Your answer must be a word-for-word copy of the listing, with all pictures excluded.

◆ **Dataset content**
::::::::::

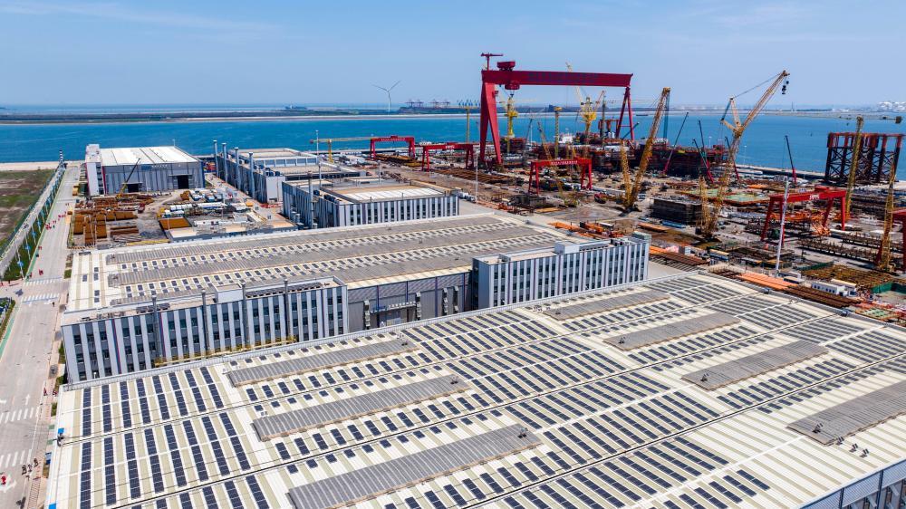 這是2025年6月拍攝的海油工程天津智能制造基地(無(wú)人機(jī)照片)。新華社記者 趙子碩 攝
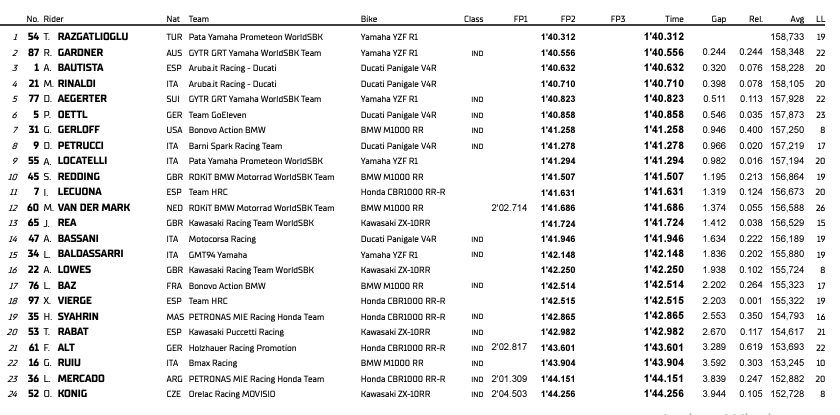 Tras una primera sesión de entrenamientos libres del World Superbike caracterizada por la lluvia y con sólo cuatro pilotos en pista (Liderada por Leandro «Tati» Mercado), volvió la normalidad en los FP2 del Gran Premio de España y el mejor tiempo lo marcó Toprak Razgatlioglu (1m40s312), quedando por delante de su compañero Remi Gardner (+0s244).
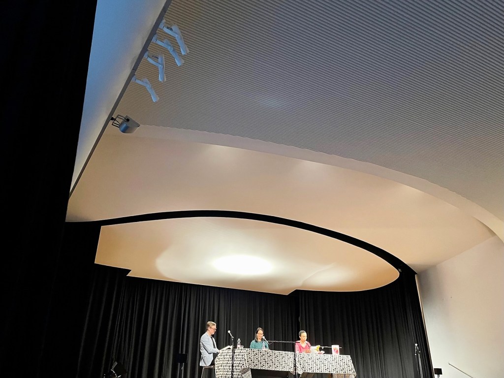 Das Publikum habe schon applaudiert, sagte die Schriftstellerin, bevor die Protagonisten auf der Bühne des Kölnischen Kunstvereins überhaupt etwas geleistet hätten. Tatsächlich gab es diesen Beifall für alle, die Bettina Fischer vom ausrichtenden Literaturhaus Köln vorstellte: Gleich zweimal für die aus England angereiste Monica Ali, dann für Moderator Julian Hanebeck, für Schauspielerin Azizè Flittner, die die deutschen Texte las, und überdies für Dorothee Merkel, die „Liebesheirat“ aus dem Englischen ins Deutsche übertragen hat und in der ersten Reihe saß. Ihnen allen waren die „positiven Vibes“ der Besucher gewiss.

::::::::::

◆ **Output for this exercise**
 這是2025年6月拍攝的海油工程天津智能制造基地(無(wú)人機(jī)照片)。新華社記者 趙子碩 攝
 Tras una primera sesión de entrenamientos libres del World Superbike caracterizada por la lluvia y con sólo cuatro pilotos en pista (Liderada por Leandro «Tati» Mercado), volvió la normalidad en los FP2 del Gran Premio de España y el mejor tiempo lo marcó Toprak Razgatlioglu (1m40s312), quedando por delante de su compañero Remi Gardner (+0s244).
 Das Publikum habe schon applaudiert, sagte die Schriftstellerin, bevor die Protagonisten auf der Bühne des Kölnischen Kunstvereins überhaupt etwas geleistet hätten. Tatsächlich gab es diesen Beifall für alle, die Bettina Fischer vom ausrichtenden Literaturhaus Köln vorstellte: Gleich zweimal für die aus England angereiste Monica Ali, dann für Moderator Julian Hanebeck, für Schauspielerin Azizè Flittner, die die deutschen Texte las, und überdies für Dorothee Merkel, die „Liebesheirat“ aus dem Englischen ins Deutsche übertragen hat und in der ersten Reihe saß. Ihnen allen waren die „positiven Vibes“ der Besucher gewiss.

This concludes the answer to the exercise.